Technical Projects
Technical Portfolio
My technical work focuses on language technology, natural language processing, and software development. Here are selected projects that demonstrate my technical skills and approach to solving complex problems.
NLP & Machine Learning Projects
Beyond Pattern Matching: Dataset Artifacts in SQuAD
Systematic analysis of shortcuts in reading comprehension models with two mitigation strategies: adversarial training and question-type aware loss.
- Uncovered model brittleness through comprehensive testing: 26.1% adversarial vulnerability and 35.5% reasoning gap
- Achieved 1.4x robustness improvement through adversarial training (50.1% → 72.5% EM)
- Improved reasoning performance (+2.6% on reasoning questions) while maintaining 77.2% overall accuracy
- Technologies: Python, PyTorch, Transformers, ELECTRA, NLP research methods
Fact-Checking LLM Outputs with Textual Entailment
An automated verification system that validates ChatGPT-generated biographies against Wikipedia using bag-of-words and neural entailment models.
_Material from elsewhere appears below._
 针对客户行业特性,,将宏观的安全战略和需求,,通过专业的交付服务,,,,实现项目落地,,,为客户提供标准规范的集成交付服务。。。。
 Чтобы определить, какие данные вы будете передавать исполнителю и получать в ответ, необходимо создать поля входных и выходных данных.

- Implemented a verification pipeline to decompose model outputs into atomic facts and validate them against BM25-retrieved Wikipedia passages
- Developed a high-precision fact-checker using a fine-tuned DeBERTa-v3 model to determine logical entailment between claims and source text
- Conducted detailed error analysis of false positives and negatives to identify linguistic patterns where LLMs struggle with factual consistency
- Technologies: Python, PyTorch, DeBERTa-v3, Textual Entailment (NLI), FActScore, BM25
Transformer-Based Character Language Model
A custom-built Transformer architecture designed for sequence-to-sequence character counting and next-token prediction.
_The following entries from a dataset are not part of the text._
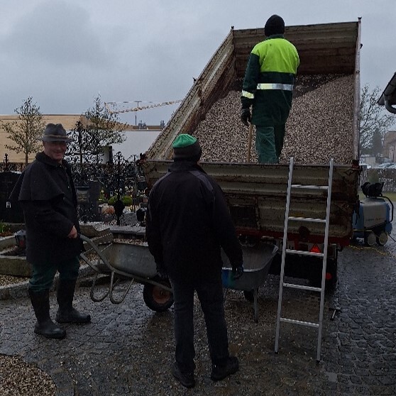 Trotz bescheidenem Wetter packten die Männer kräftig an und es wurden die Wege gekehrt, gereinigt, gekärchert, Kies zwischen den Gräbern aufgefüllt u.v.m., bis am Ende wieder alles glänzte - Herzlichen Dank dafür!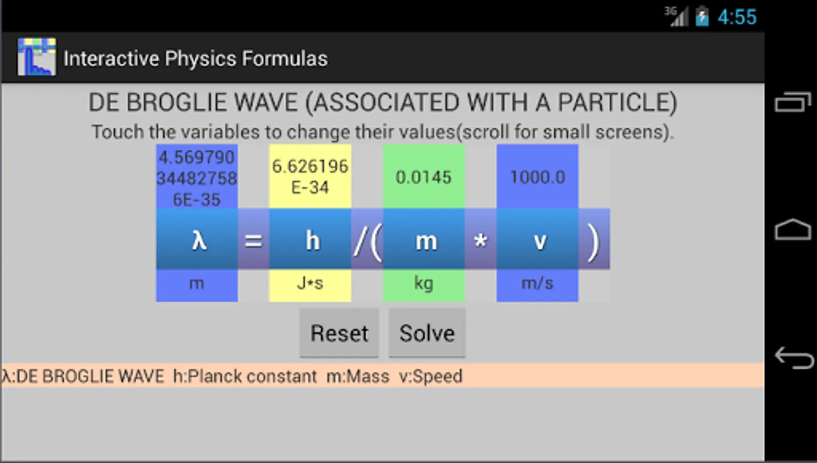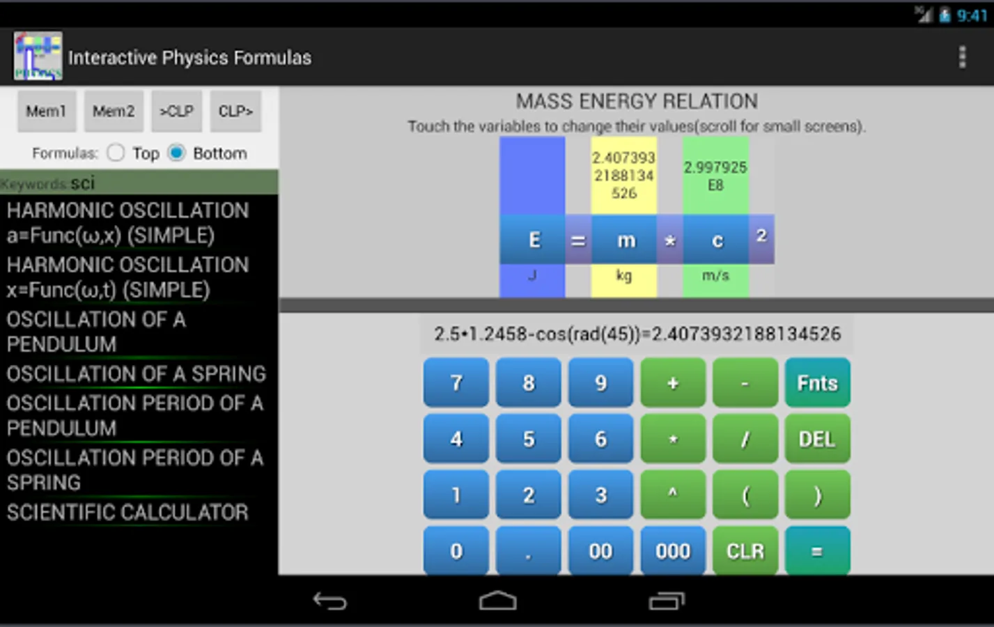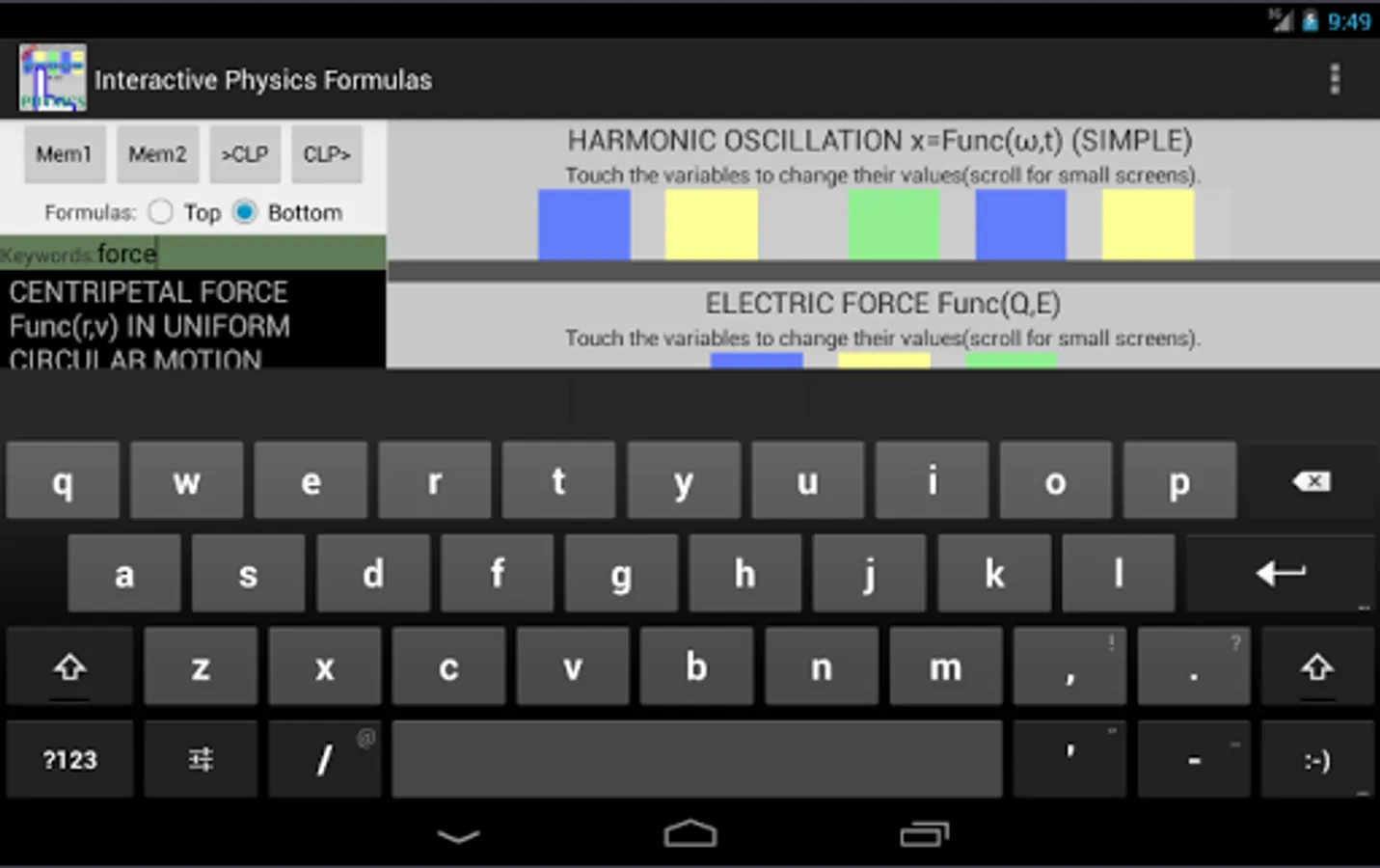 In this app there are more than 250 formulas covering various topics like: Newtonian mechanics, waves, electricity, relativity etc. The interface is made in a way that you can see above any variable it's value.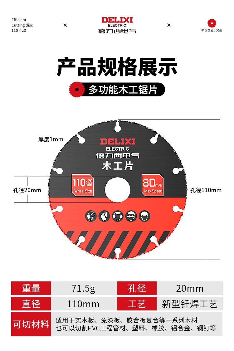 Delixi Electric woodworking saw blade angle grinder solid wood steel nail saw blade marble machine aluminum PVC cutting blade cutting machine electric saw blade anti-nail type new wood saw blade 1 piece
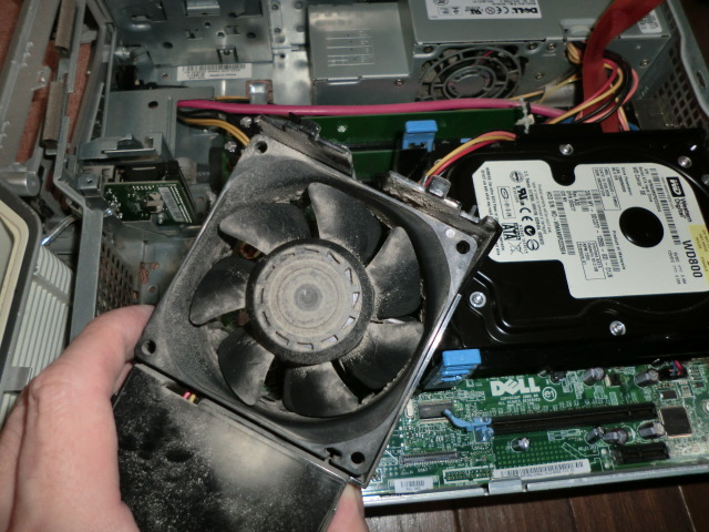 ファンを取り外すと、スゲー汚いこびり付いた埃(ホコリ)が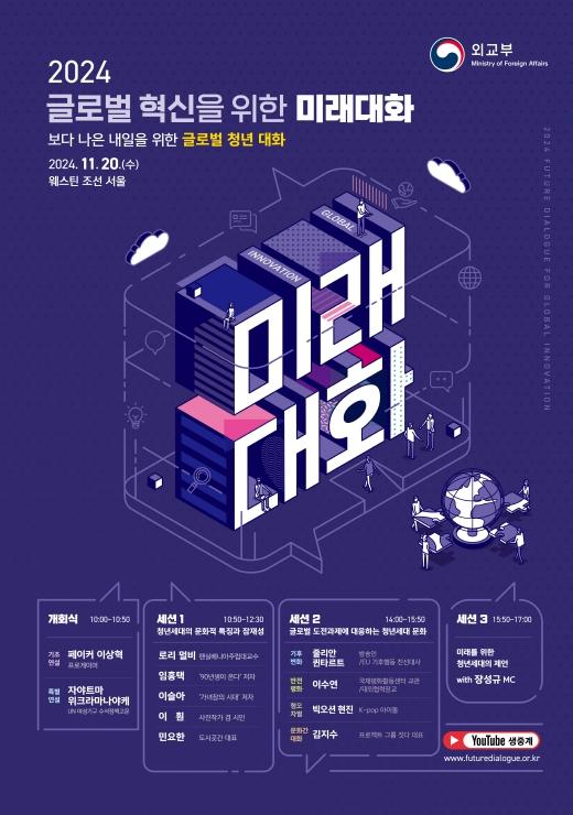 [중앙뉴스라인, 신기철기자] 외교부는 11월 20일 서울(웨스틴 조선 호텔)에서 ‘보다 나은 내일을 위한 글로벌 청년 대화’라는 주제로 2024년 글로벌 혁신을 위한 미래대화를 개최한다.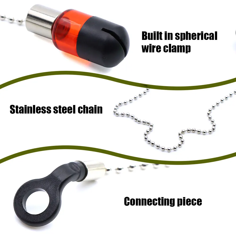 Our fishing alarms are equipped with a high-sensitivity design, perfect for both freshwater and saltwater fishing. The stainless steel chain ensures durability, while the ability to fix the indicator on the spool makes for easy use.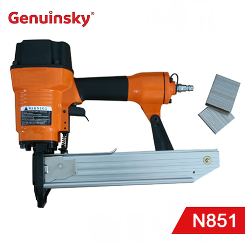 N851 Air Crown Astafler appartient à l'agrafeuse de la couronne de qualité industrielle avec un grand corps et des grosses agrafes. Il est utilisé pour fixer des clous en forme de U ou des clous de porte à la surface des matériaux à travers des dispositifs pneumatiques tels que les compresseurs d'air.

- Engineered a Transformer encoder from scratch, implementing self-attention, residual connections, and positional encodings without high-level library abstractions
- Developed a causal-masked language model trained on the text8 Wikipedia collection to predict next-character probability distributions
- Optimized training performance through hyperparameter tuning and attention map visualization to achieve a target perplexity of less than 7
- Technologies: Python, PyTorch, Transformer Architecture, Self-Attention, Positional Encoding, Language Modeling
Deep Averaging Networks for Robust Sentiment Analysis
A neural text classification system exploring the impact of word embeddings and architectural depth on sentiment detection.
- Implemented a Deep Averaging Network (DAN) using GloVe embeddings to classify movie review sentiment into binary positive/negative labels
- Developed a typo-robust generalization module using prefix embeddings to maintain performance on misspelled text where standard word-level models fail
- Optimized training performance through mini-batching and dynamic sequence padding in PyTorch to handle varying sentence lengths efficiently
- Technologies: Python, PyTorch, GloVe Embeddings, Deep Averaging Networks, String Edit Distance
Lexical Substitution System
An NLP system that identifies contextually appropriate word replacements using multiple approaches.
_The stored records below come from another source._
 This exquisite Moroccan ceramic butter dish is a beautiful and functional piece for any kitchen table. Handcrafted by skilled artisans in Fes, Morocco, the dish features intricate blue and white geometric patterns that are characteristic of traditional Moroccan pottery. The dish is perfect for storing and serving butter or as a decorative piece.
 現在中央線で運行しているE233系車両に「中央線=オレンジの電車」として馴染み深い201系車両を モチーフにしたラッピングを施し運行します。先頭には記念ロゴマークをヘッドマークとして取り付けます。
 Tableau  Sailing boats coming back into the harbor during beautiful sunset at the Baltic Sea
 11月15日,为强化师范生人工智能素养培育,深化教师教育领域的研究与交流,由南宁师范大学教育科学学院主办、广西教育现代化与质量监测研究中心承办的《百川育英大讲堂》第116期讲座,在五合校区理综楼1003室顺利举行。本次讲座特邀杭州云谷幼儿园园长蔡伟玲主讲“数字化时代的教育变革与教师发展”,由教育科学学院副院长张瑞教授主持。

- Combined WordNet, pre-trained Word2Vec embeddings, and BERT for contextual word substitution
- Achieved 10% higher accuracy than baseline methods in suggesting replacements
- Technologies: Python, NLTK, Gensim, BERT
PCFG Parsing Implementation
Implementation of the CKY algorithm for parsing with Probabilistic Context-Free Grammars (PCFGs).
- Developed efficient implementation of the CKY dynamic programming algorithm
- Created probabilistic grammar handling for syntactic analysis
- Technologies: Python, NLTK
Computational Research Projects
Neighborhood-based Clustering for Visual Mental Imagery
Applied machine learning techniques to categorize visual mental imagery and perceptual domains.
- Developed clustering algorithms to identify domain-specific patterns in visual processing
- Implemented dimension reduction techniques to analyze performance score relationships
- Created visualization tools for complex cognitive data
- Technologies: Python, scikit-learn, pandas, matplotlib, k-means clustering
Multilingual Acquisition Analysis
Comparative corpus-driven study of sentence-final particle acquisition across different language backgrounds.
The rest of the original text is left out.